→ **INSTRUCTIONS TO FOLLOW**:
Output the lines of the listing below exactly, starting at the line containing "6、随后根据用户需求,来决定,选择指纹或者手势。" and stopping after the last line, with any pictures dropped.

→ **EXTRACTED INFORMATION**:
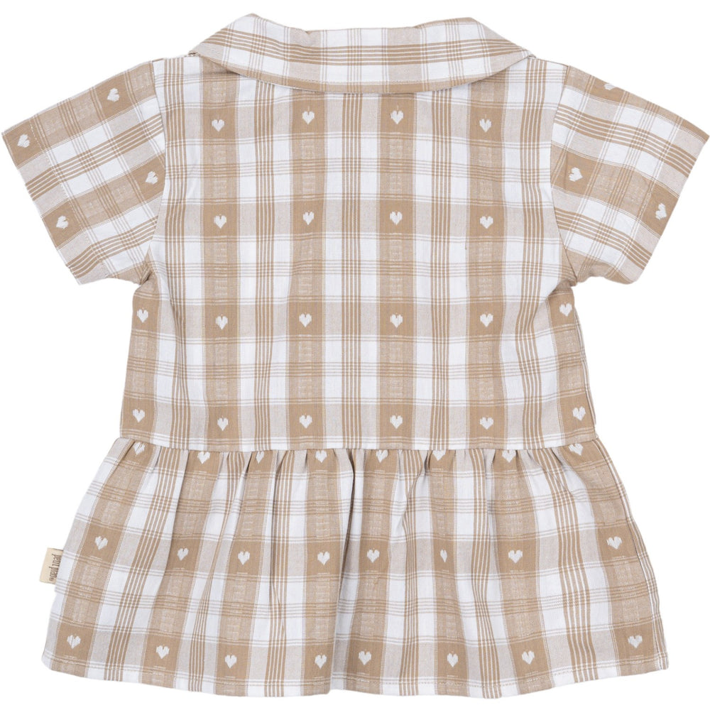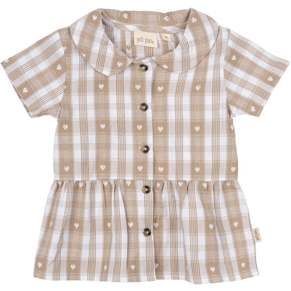 Låt din lilla solstråle flöda i denna charmiga kortärmade skjorta från Petit Piao! Skjortan skämmer bort med ett hjärtevärmande rutmönster prydd med söta hjärtan. Den runda kragen ger en touch av söthet, medan de fina rynkorna i midjan ger en lekfull look. Med praktiska knappar på framsidan är den här skjortan både snygg och enkel att ta på sig. Perfekt för en dag fylld av äventyr! Tillverkad med omsorg i Indien.
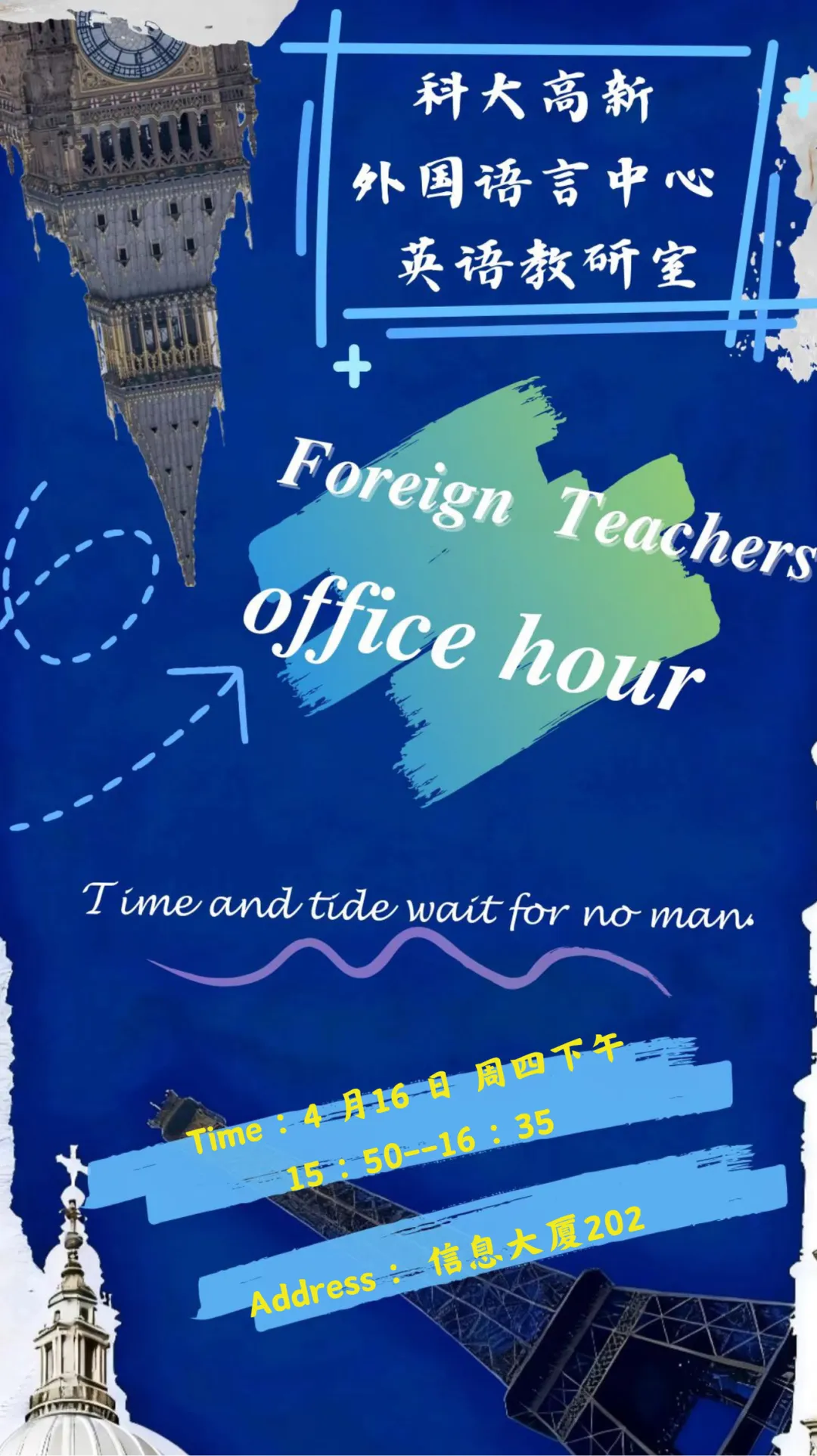 科大高新外国语言中心英语教研室外教Office Hour4月16日等你来嗨!热爱英语的小伙伴看过来!👉4月16日周四下午15:50-16:35💡信息大厦202科大高新外国语言中心英语教研室外教Office Hour等你来嗨🚀🚀,一起开启妙趣英语交流派对,别错过哦~👏👏👏
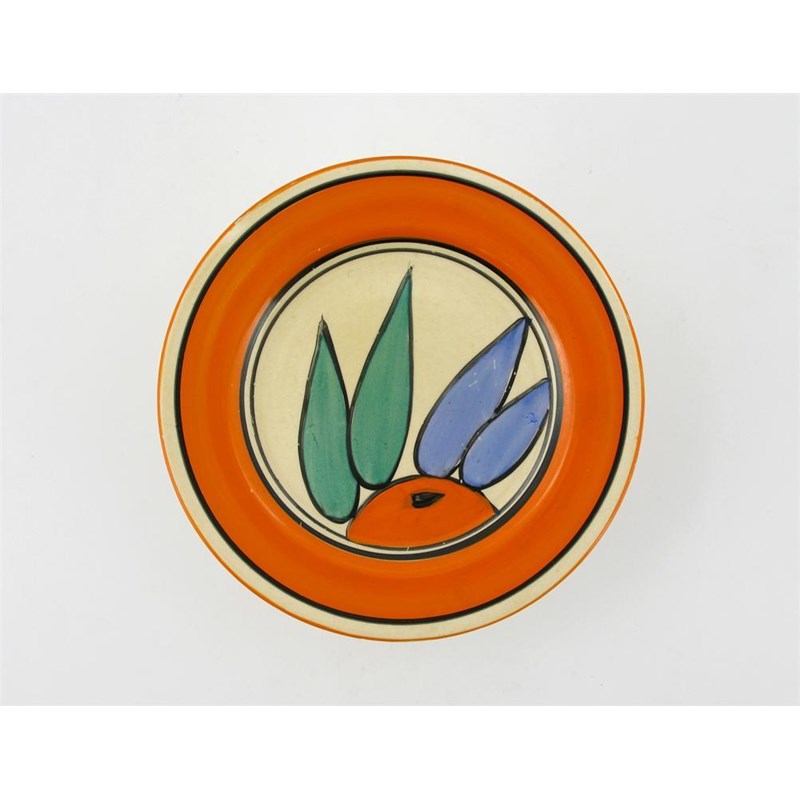'Oranges' a Clarice Cliff Bizarre side plate painted in colours inside orange band printed factory mark 15cm. diam.
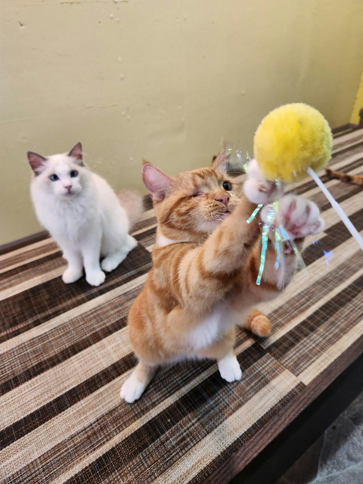 人慣れしている猫スタッフが多い当店の中でも特に温和な性格ですので、猫との関わりが初めての方にも安心して触れ合っていただけます。
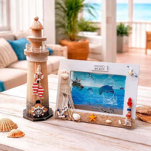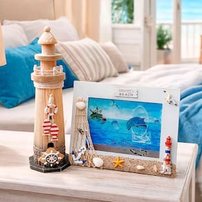 Leve o charme do mar para dentro da sua casa com o Kit Porta Retrato Farol Náutico! Ideal para quem ama decoração praiana, estilo navy e ambientes com clima de verão o ano todo
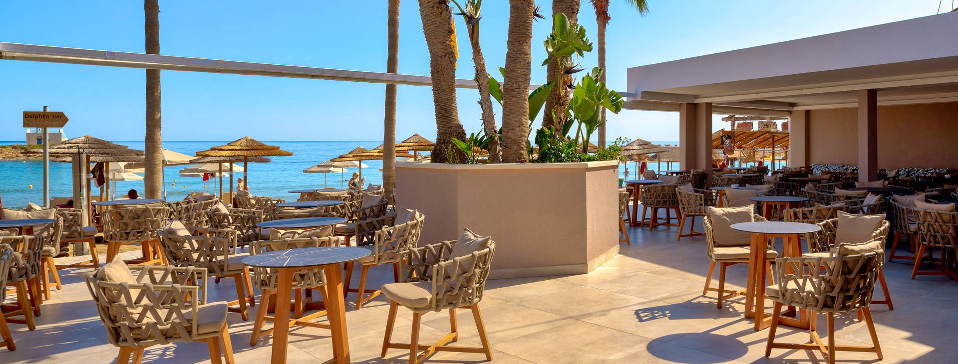 Recepce 24 hodin denně, relaxační bazén, restaurace Elia (nutná rezervace předem, za poplatek), zahrada, soukromé parkoviště, lékařské služby, lehátka a slunečníky označené číslem pokoje jsou na pláži rezervovány (předem objednány).
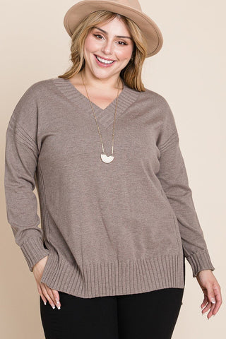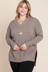 Plus Size Solid V Neck Buttery Soft High Quality High Low Two Tone Sweater Knit Top with Ribbed Detail and Side Slits
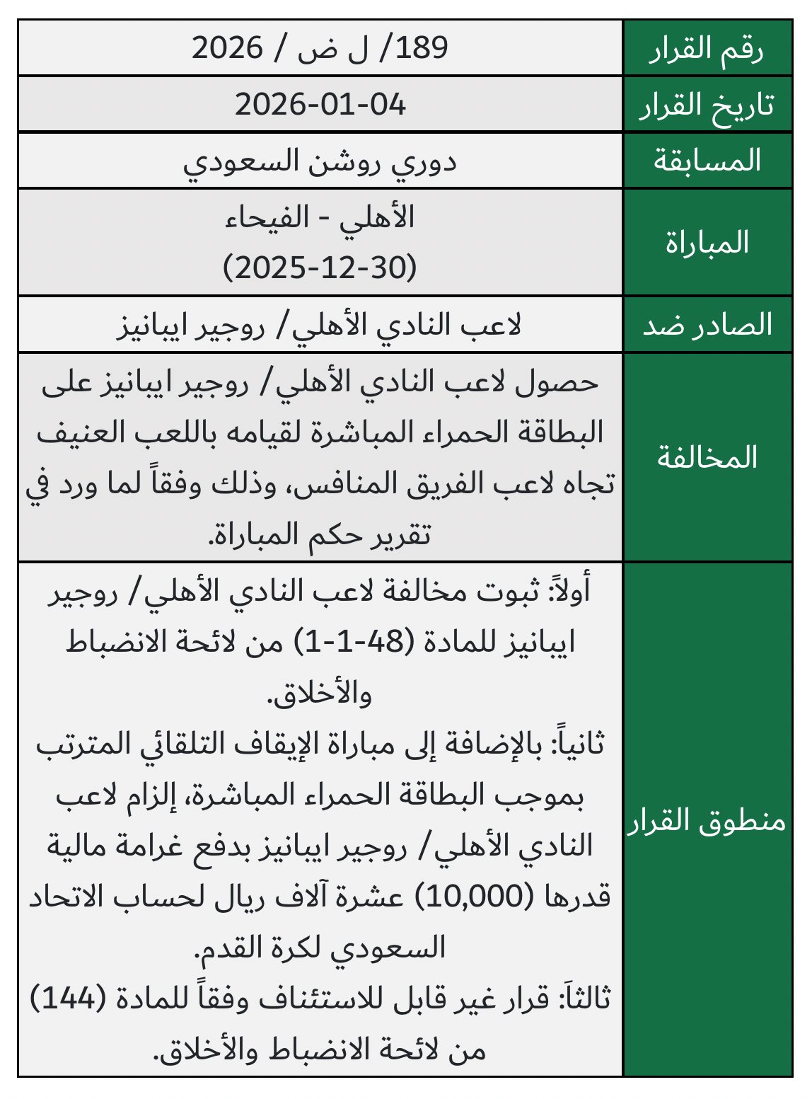 أعلنت لجنة الانضباط والأخلاق في الاتحاد السعودي لكرة القدم عن معاقبة مدافع النادي الأهلي، البرازيلي روجير إيبانيز، إثر طرده في لقاء فريقه الأخير أمام الفيحاء ضمن منافسات دوري روشن السعودي، والذي أقيم بتاريخ 30 ديسمبر الماضي.
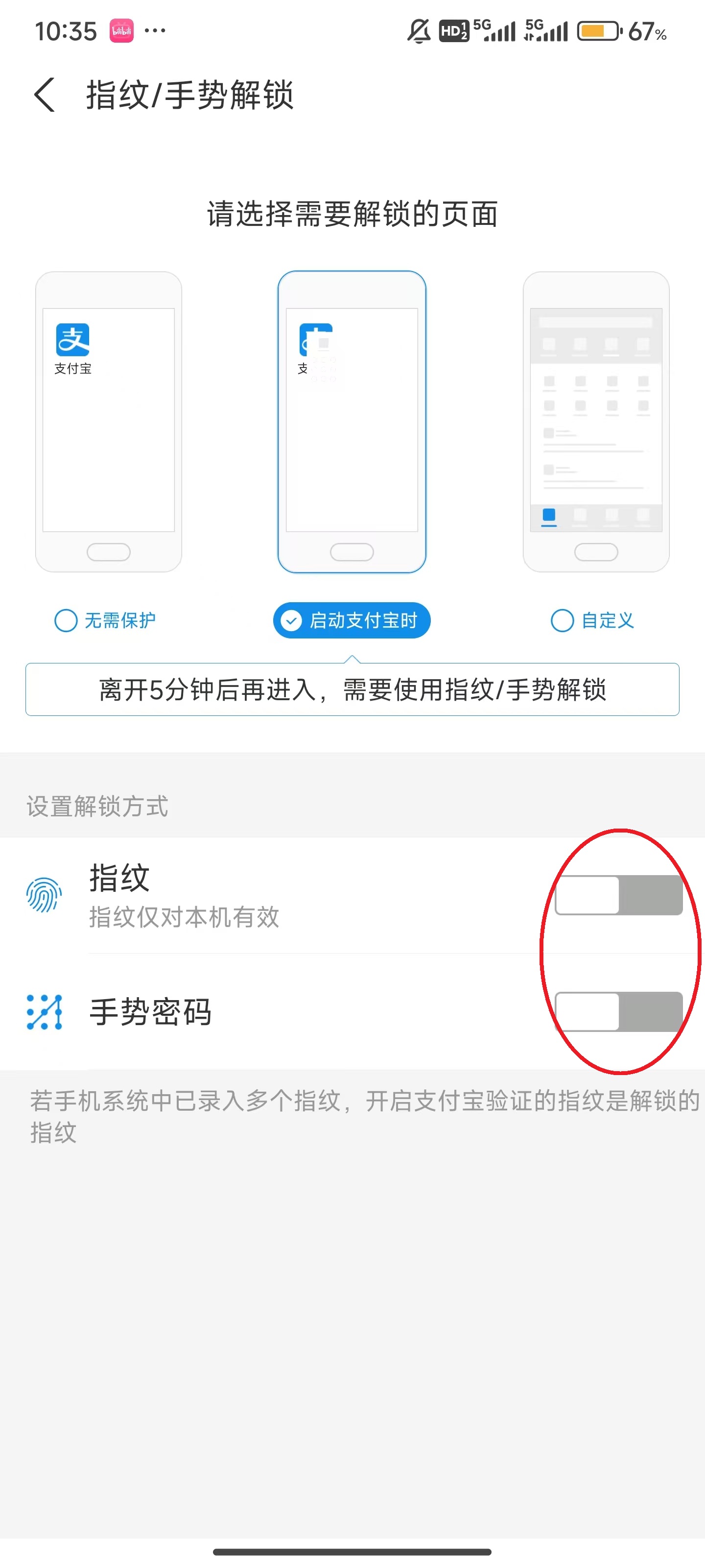 6、随后根据用户需求,来决定,选择指纹或者手势。
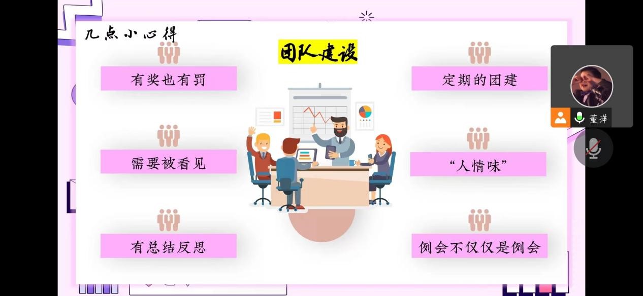 董洋首先从“学生骨干”四个字分别展开讲解,说明学生干部应以“学习”为主,具有“生气”并积极“生长”,拥有高尚的“品格骨气”,作为“干事”要努力行动付出,强化学生干部的模范带头意识,培养学生干部的模范带头能力。他分享了六个小技巧和七个小心得,让学生干部在平时工作中更加得心应手。针对团队建设提出六点要求:团队建设应该有奖也有罚;应有定期的团建;团队中的每一个人都需要被看见;团队内部应有人情味;团队活动应有总结有反思;团队例会不仅仅是例会,更是沟通的机会。
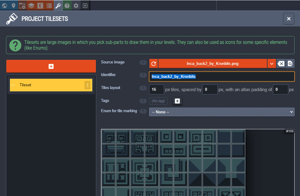 - Click the plus + button to add a new tileset. A file browser will popup.
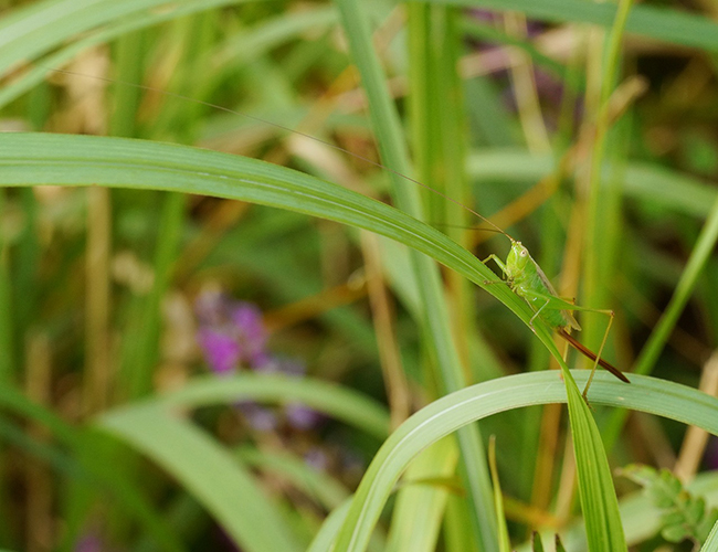 産卵管が長く,まっすぐに伸びる.県内各地で見られる.

→ **EXPECTED ANSWER**:
 6、随后根据用户需求,来决定,选择指纹或者手势。
 董洋首先从“学生骨干”四个字分别展开讲解,说明学生干部应以“学习”为主,具有“生气”并积极“生长”,拥有高尚的“品格骨气”,作为“干事”要努力行动付出,强化学生干部的模范带头意识,培养学生干部的模范带头能力。他分享了六个小技巧和七个小心得,让学生干部在平时工作中更加得心应手。针对团队建设提出六点要求:团队建设应该有奖也有罚;应有定期的团建;团队中的每一个人都需要被看见;团队内部应有人情味;团队活动应有总结有反思;团队例会不仅仅是例会,更是沟通的机会。
 - Click the plus + button to add a new tileset. A file browser will popup.
 産卵管が長く,まっすぐに伸びる.県内各地で見られる.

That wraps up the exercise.